/ATAC-STARR-seq

Scripts for analyzing ATAC-STARR data.

Primary LanguageJupyter Notebook

ATAC-STARR Analysis

ATAC-STARR-seq is a massively parallel reporter assay (MPRA) that quantifies regulatory activity within accessible chromatin. In addition to regulatory activty, ATAC-STARR quantifies chromatin accessibility and transcription factor binding. In Hansen, T.J. & Hodges, E. 2022, we present an improved ATAC-STARR method. This repository serves as a complement to that manuscript.

In this repository, we share our code for all steps of ATAC-STARR-seq data analysis. The code used at each step is detailed as a Jupyter notebook in the sections below. We also supply some python scripts.

Citation

Please cite our ATAC-STARR-seq method article:

TBD - manuscript in revision

This repository can also be cited:

DOI

Tyler J Hansen, & Emily Hodges. (2022). HodgesGenomicsLab/ATAC-STARR-seq: Identifying transcription factor-bound activators and silencers in the chromatin accessible human genome using ATAC-STARR-seq (V2.1.0). Zenodo. https://doi.org/10.5281/zenodo.6640476

Software

Below is a summary of most of the software packages used in ATAC-STARR-seq:

Command-line:       R-based:
  Trim Galore!        R
  bowtie2             tidyverse
  SAMtools            Sushi  
  Picard              DESeq2 
  Preseq              ChIPSeeker
  Genrich             pheatmap
  BEDtools            ggsci
  deepTools           ReactomePA
  HOMER         
  TOBIAS        
  bedops        
  Subread       

Conda

We use conda to install our packages. We provide a text file of the software packages and their version number used in our conda environment as well as a yml file to clone our environment.

pkgs.txt
conda_env.yml

Read Processing and Quality Control (1_read-processing)

We provide a jupyter notebook describing this portion of the analysis. In summary, raw reads are trimmed, assessed for quality, mapped to hg38, and filtered to remove regions mapping to ChrM and ENCODE blacklist regions. Reads with MAPQ scores less than 30 are also removed. For the accessibility analysis, we also generated deduplicated mapped read files. We also estimate library complexity using the preseq package and determine the distribution of insert size using Picard: (Supplementary Figure 1A, Supplementary Figure 2B,C).

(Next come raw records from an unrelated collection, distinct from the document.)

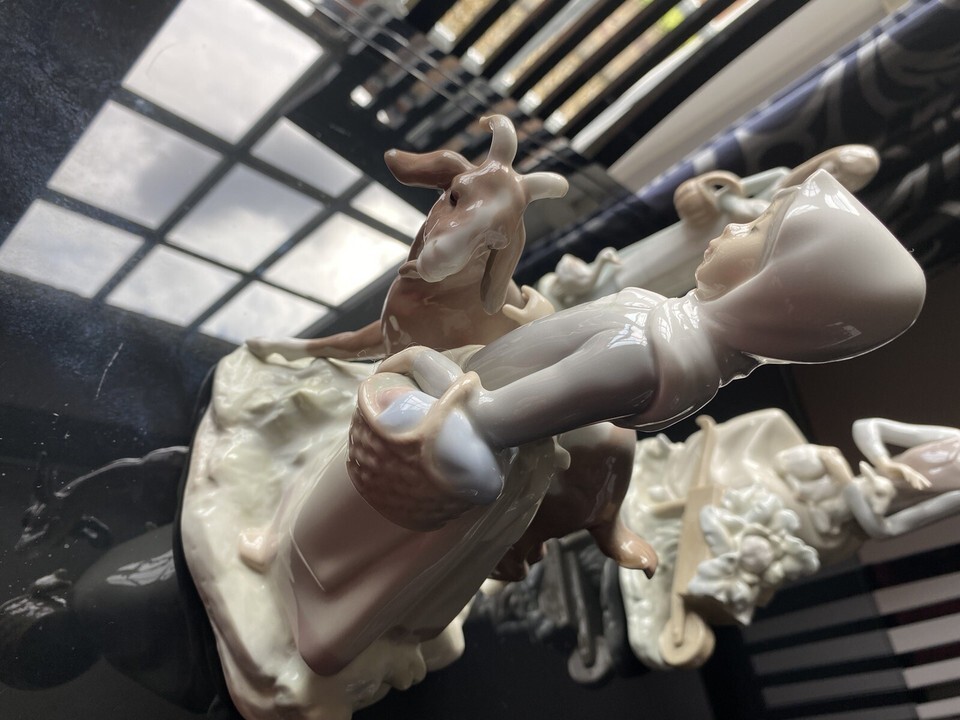 ?Girl with Goat ? - mainly good condition but the horns of the goat are not as long as they used to be and have been shortened . Stamped Lladro on base
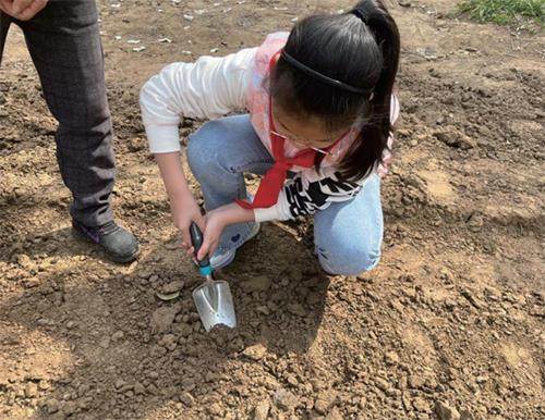 阳春三月,风儿吹起了口哨,小草冒出了嫩绿的脑袋。上午第三节课后,我们终于要去菜地播种了。 一到那儿,便发现爷爷奶奶们早已将土地平整好。一位奶奶蹲下身,开始给我们做示范。只见她先用右手拿着小铲子,在地上挖了一个小坑,接着左手捡了两粒豇豆种子放进坑里,最后用小铲子将坑填平,整套动作看起来如行云流水一般。奶奶告诉我们:“每个坑放两到三粒豆子,是为了防止有些种子长不出来。坑不能太深,也不能太浅……”没等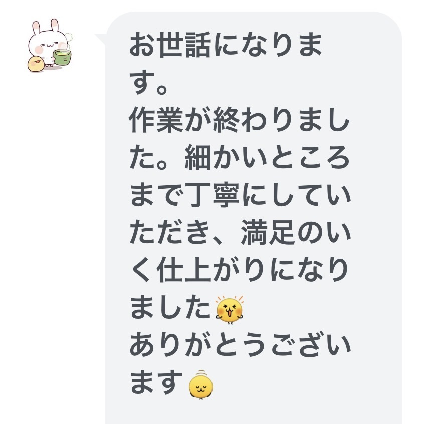 作業が終わりました。細かいところまで丁寧にしていただき、満足のいく仕上がりになりました。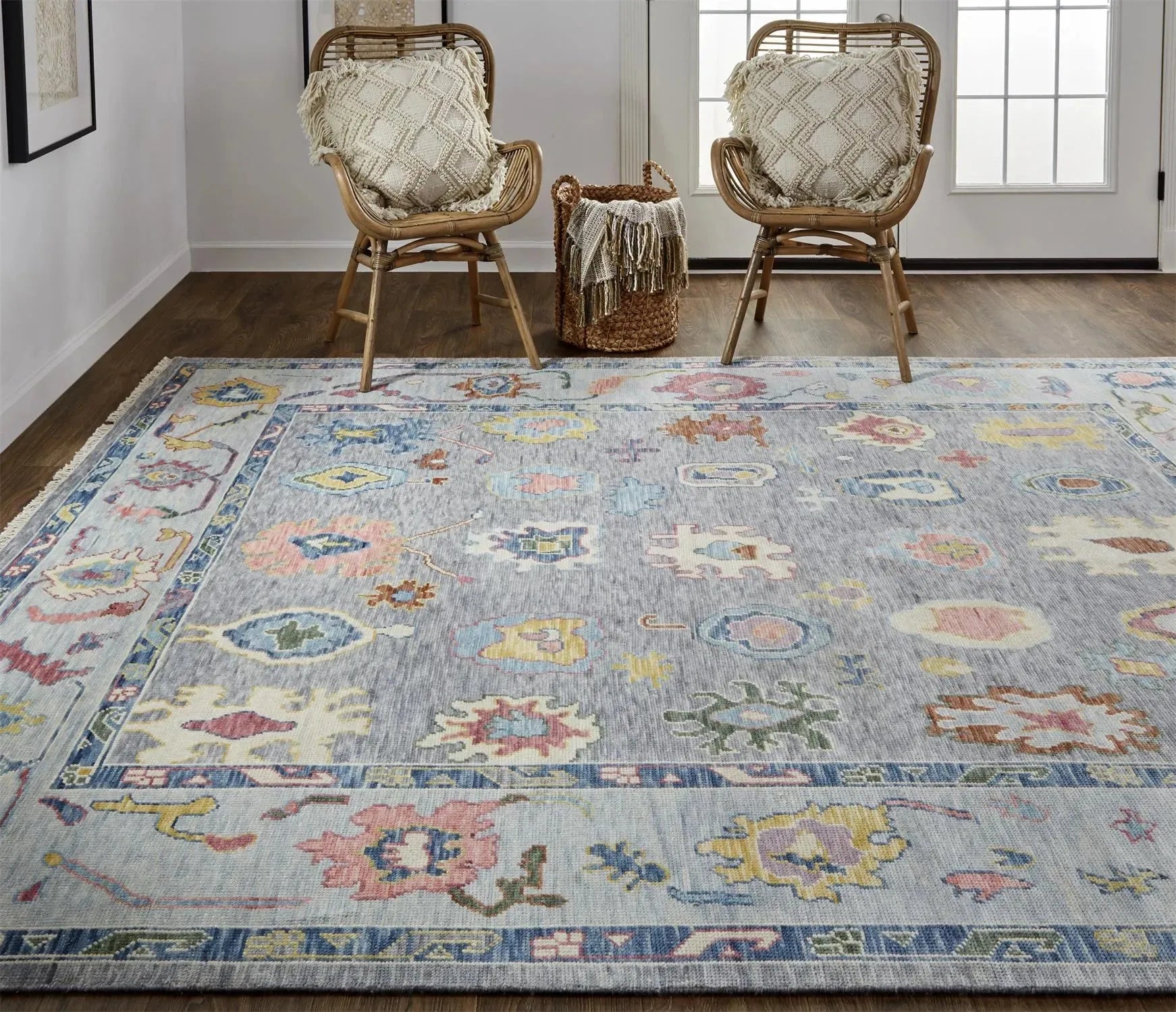 The Parisa PSA06 Denim/Multi Rug comes in various sizes, including 2x10, 5x7, 8x10, 8x11, 9x13, and 12x15 feet, accommodating different room dimensions.

fastq-processing-and-QC.ipynb

FASTQ Processing Python Script

To automate this step, I developed and utilitezed the following python script.

fastq_processing.py

Syntax and Arguments

$ python3 fastq_processing.py --help
usage: fastq_processing.py [-h] [-a INPUT_R1] [-b INPUT_R2] [-n NAME]
                           [-e BLACKLIST_BED] [-t OUTPUT_TRIMMED]
                           [-o OUTPUT_BAM] [-r OUTPUT_QC] [-g GENOME]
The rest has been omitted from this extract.